§ RAW DATA
=== Section Start ===
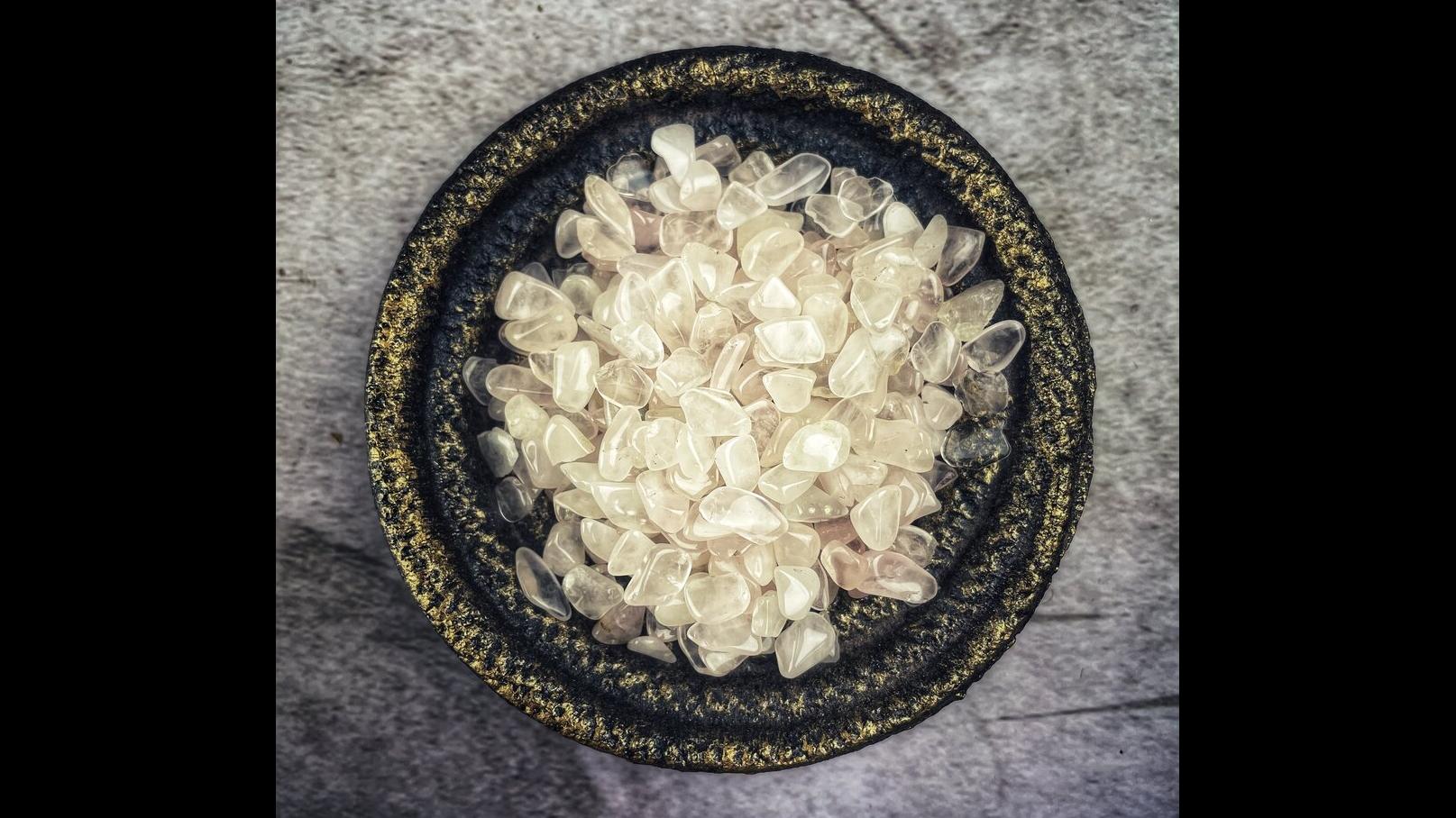 Thecrystalscanbeclean bybeingleftinabowlofs saltwaterovernightand revitalizedwithspirituale whenplacedinthelighto fullmoon.
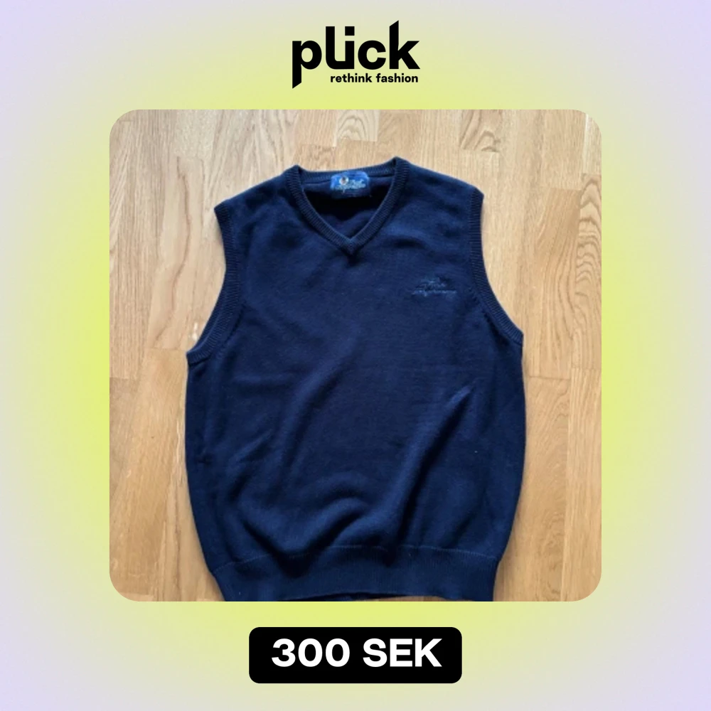 Säljer en stilren mariblå stickad väst från Peak Performance med deras gamla logga
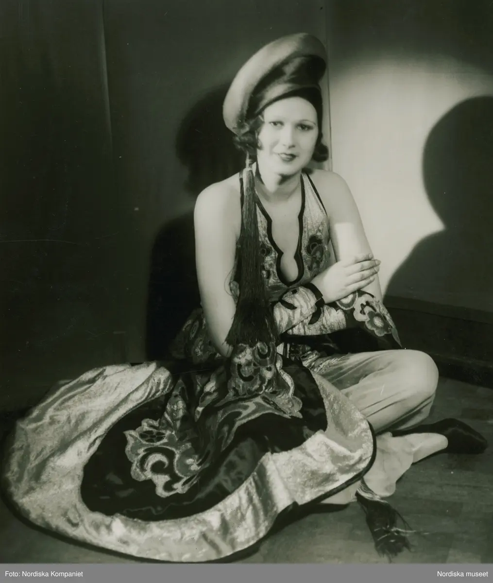 Titel: Modell i maskeraddräkt, ""Mi Baba" från Carnaval de Venise".
=== Section End ===
§ TRY IT
Output the listing above exactly as it stands; no picture should appear.

§ WRITTEN SOLUTION
 Thecrystalscanbeclean bybeingleftinabowlofs saltwaterovernightand revitalizedwithspirituale whenplacedinthelighto fullmoon.
 Säljer en stilren mariblå stickad väst från Peak Performance med deras gamla logga
 Titel: Modell i maskeraddräkt, ""Mi Baba" från Carnaval de Venise".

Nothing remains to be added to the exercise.